■ Dataset excerpt:
_ _ _ _ _ _ _

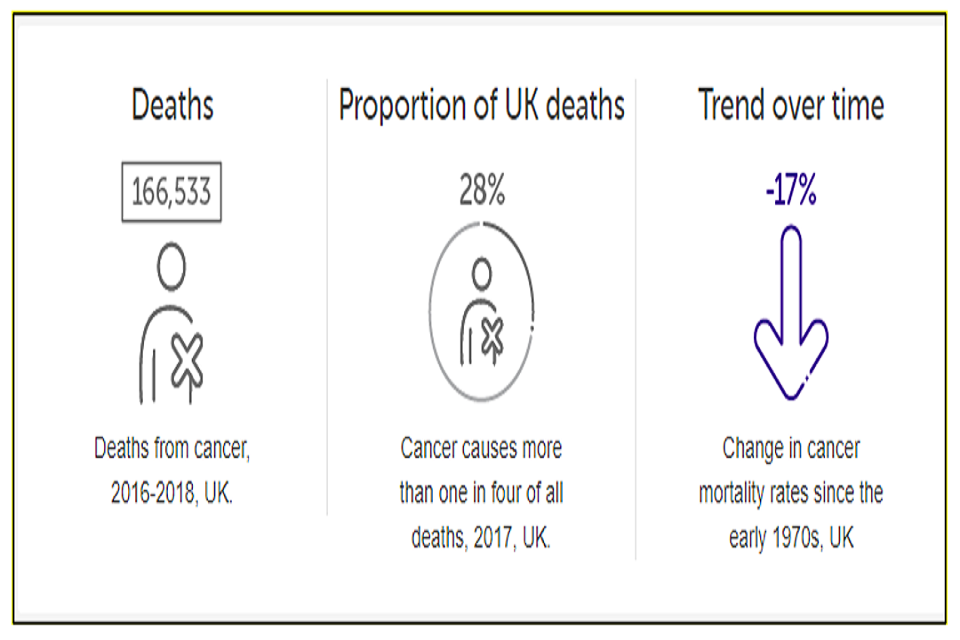 Infographic of deaths, proportion of deaths and trend over time for UK cancer rates.
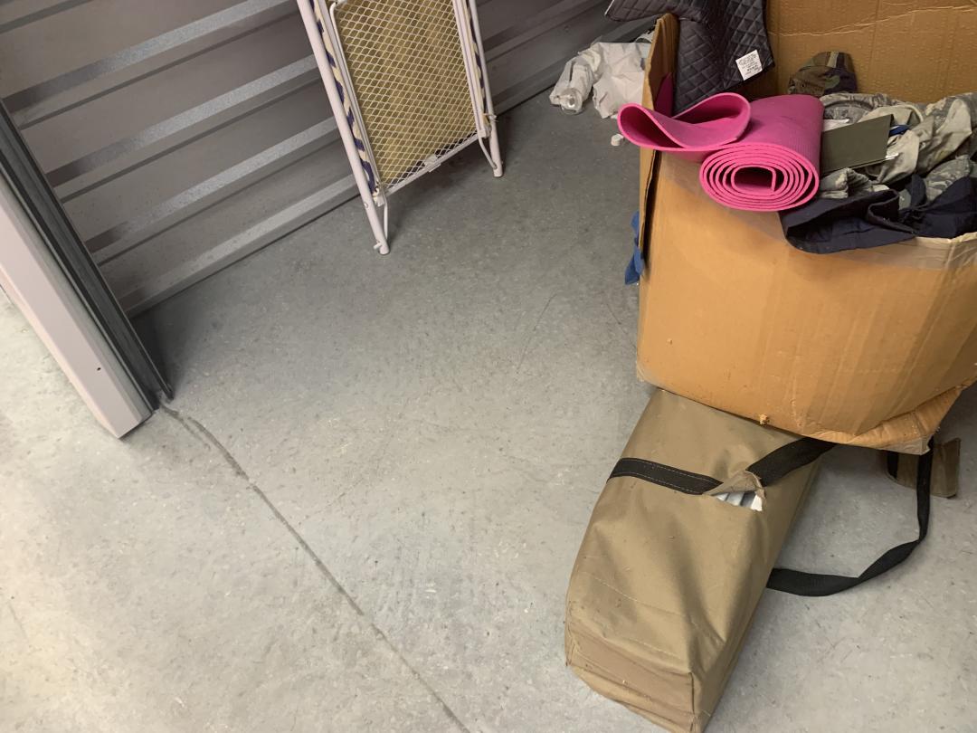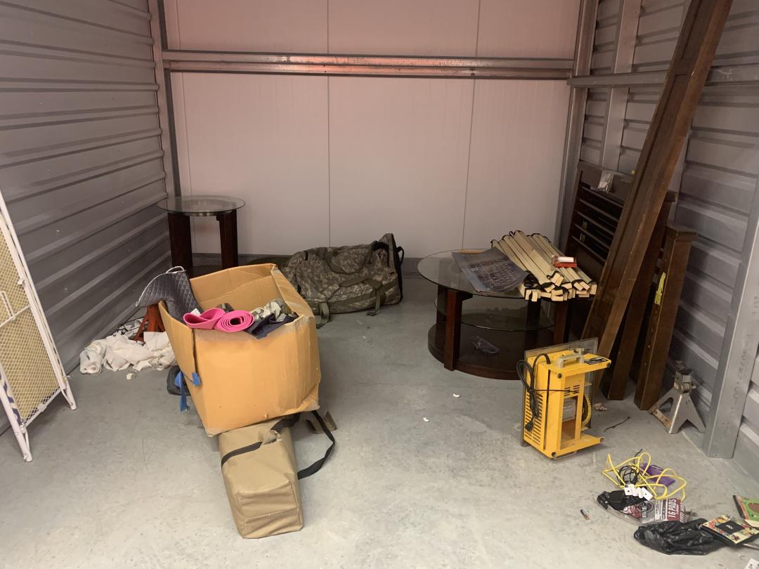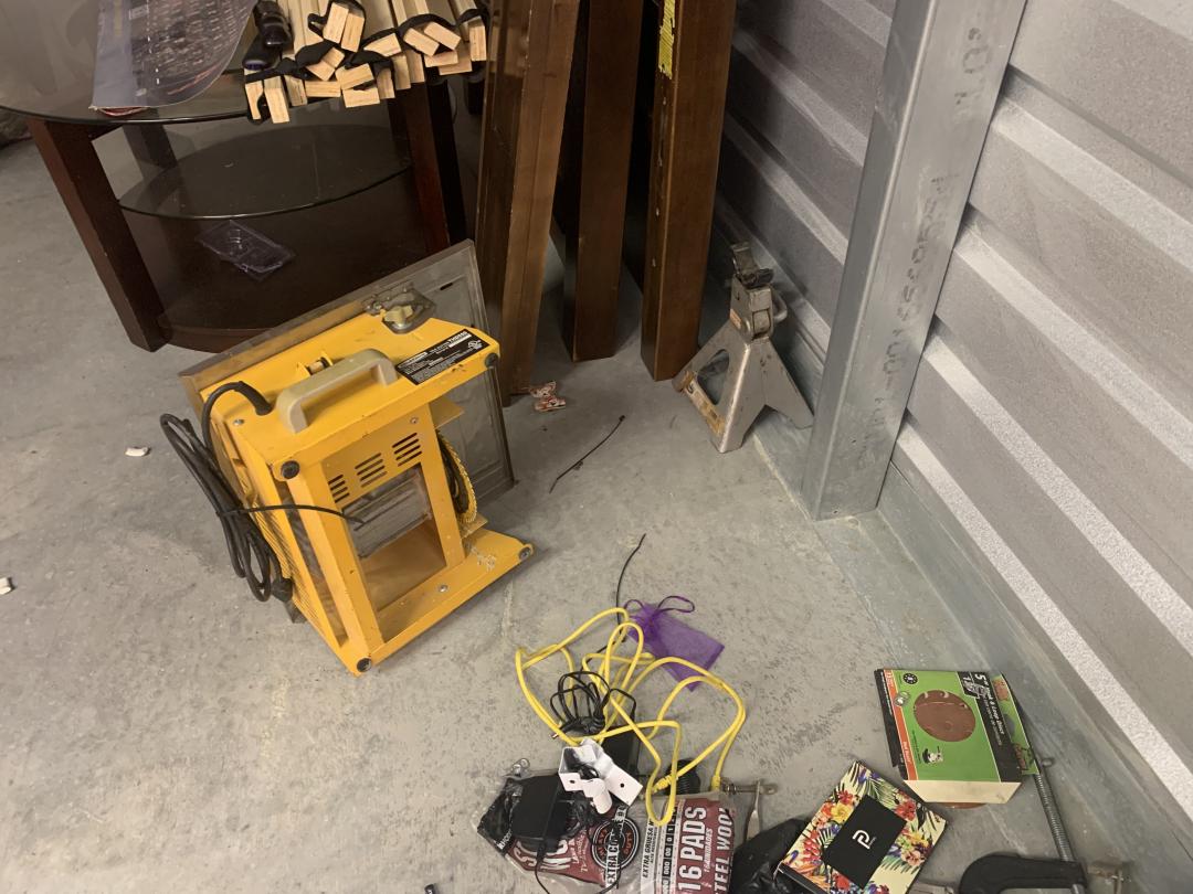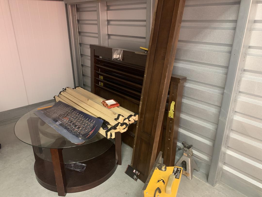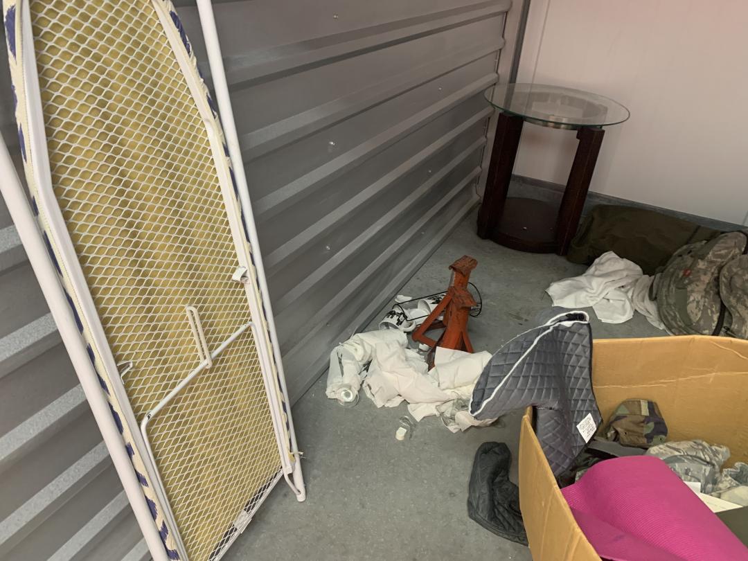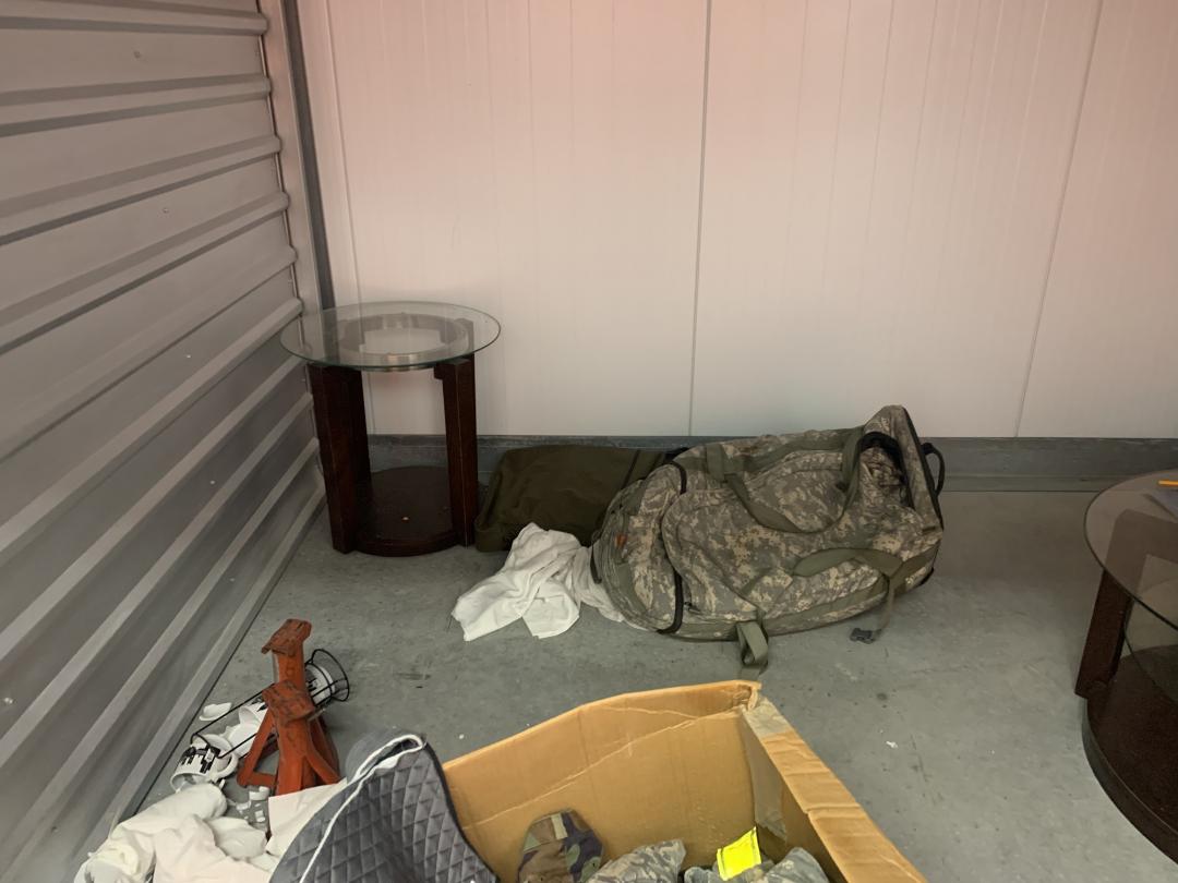 This unit appears to contain…Coffee table, box, tent, bed frame, garment, bag, , tile, cutter, car jacks, end table, 1- duffel bag, ironing board
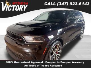 Comments Welcome to Victory Mitsubishi! We offer a combined inventory of 700 cars new and luxury used vehicles. All Used vehicles come with a quality assurance inspection, our New Vehicles have an unprecedented 10-year 100k mile warranty we also have vehicles car for any want or purpose. Come into test drive this car for any want or purpose. Come in to test drive this Dodge Durango R/T Plus today! Priced below KBB Fair Purchase Price! *. Clean CARFAX. 2023 Dodge Durango R/T Plus Red Oxide 4D Sport Utility Save yourself Time and Money - Fill out a credit application online at victorymitsubishi.com and get pre-APPROVED! Financing available for all types of credit with low monthly payment that will fit you budget. Down Payment low as $599. Same day delivery. View our entire inventory by visiting our virtual showroom at victorymitsubishi.com - Only 2 blocks away from Exit 13 off I-95 or Minutes from exit 7 on the Hutchinson Parkway. While we make every effort to ensure the data listed here is correct, there may be instances where the pricing, options or vehicle features may be listed incorrectly. Dealer cannot be held liable for data that is listed incorrectly. to see more pictures of this vehicle or call us at (347) 923-6143 today to schedule your test drive. please refer to dealer’s website for exact pricing and for any incentives that we may apply! Our address is 4070 Boston Road, Bronx, NY 10475. * Options Navigation system: TomTom, Quick Order Package 22T R/T Plus, Tow 'N Go Package, 9 Speakers, Active Noise Control System, AM/FM radio: SiriusXM w/360L, Radio data system, Radio: Uconnect 5 Nav w/10.1" Display, Air Conditioning, Automatic temperature control, Front dual zone A/C, Rear air conditioning, Rear window defroster, Exterior Mirrors w/Memory, Heated Second Row Seats, Power driver seat, Power steering, Power windows, Radio/Driver Seat/Mirrors Memory, Remote keyless entry, Steering wheel mounted audio controls, Adaptive Damping, Auto-leveling suspension, Four wheel independent suspension, Quadra-Trac Active-on-Demand 4WD, Rear Load Leveling Suspension, Speed-sensing steering, Traction control, 4-Wheel Disc Brakes, ABS brakes, Dual front impact airbags, Dual front side impact airbags, Emergency communication system: SiriusXM Guardian, Front anti-roll bar, Knee airbag, Low tire pressure warning, Occupant sensing airbag, Overhead airbag, Performance Tuned Steering, Rear anti-roll bar, Red Brembo Brakes w/SRT Performance Pad, Power Sunroof, Power Liftgate, Brake assist, Electronic Stability Control, ParkView Rear Back-Up Camera, Auto High-beam Headlights, Automatic Headlamp Leveling System, Delay-off headlights, Fully automatic headlights, High Performance Exhaust, Panic alarm, Security system, Adaptive Cruise Control w/Stop, Speed control, Electronic Limited Slip Differential Rear Axle, 145 mph Maximum Speed Calibration, 160 mph Primary Speedometer, Auto-Dimming Exterior Driver Mirror, Bumpers: body-color, Exterior Mirrors w/Heating Element, Exterior Mirrors w/Supplemental Signals, Gloss Black Exterior Mirrors, Heated door mirrors, High Perform Suspension, Power 6x9 Multi-Function Foldaway Mirrors, Power door mirrors, Premium LED Fog Lamps, Spoiler, 115V Auxiliary Power Outlet, Apple CarPlay/Android Auto, Auto-dimming Rear-View mirror, Cloth Bucket Seats w/Shift Insert, Compass, Driver door bin, Driver vanity mirror, Dual Remote USB Port - Charge Only, Front reading lights, Full Speed Forward Collision Warning Plus, Garage door transmitter, Heated steering wheel, Illuminated entry, Leather steering wheel, Leather Wrapped Door Panels, LED Auxiliary Low Beam & Turn Signal, Outside temperature display, Overhead console, Passenger vanity mirror, Power Tilt & Telescopic Steering Column, Rear reading lights, Rear seat center armrest, Red Accent Stitching, Sport steering wheel, Sport/Track/Tow/Snow Drive Modes, Tachometer, Telescoping steering wheel, Tilt steering wheel, Trip computer, Upper/Lower Body Color Rear Fascia, Voltmeter, 3rd row seats: split-bench, Front Bucket Seats, Heated front seats, Leather Trimmed Bucket Seats, Power 8-Way Driver Memory 8-Way Passenger Seats, Power Driver/Passenger 4-Way Lumbar Adjust, Split folding rear seat, Ventilated Front Seats, Black Roof Rails, Floor Console w/Leather Armrest, Front Center Armrest w/Storage, Integrated Roof Rail Crossbars, Passenger door bin, 7 & 4 Pin Wiring Harness, Class IV Receiver Hitch, Trailer Brake Control, Alloy wheels, Run Flat Tires, Wheels: 20" x 10" Hyper Black Aluminum, Wheels: 20" x 8.0" Fine Silver, Rain sensing wipers, Rear window wiper, Speed-Sensitive Wipers, Variably intermittent wipers, 3.09 Rear Axle Ratio,

_ _ _ _ _ _ _

■ Directions:
Only the lines from the start of the material to the line with "This unit appears", inclusive, belong in the answer, printed exactly and free of pictures.

■ Solution for this problem:
 Infographic of deaths, proportion of deaths and trend over time for UK cancer rates.
 This unit appears to contain…Coffee table, box, tent, bed frame, garment, bag, , tile, cutter, car jacks, end table, 1- duffel bag, ironing board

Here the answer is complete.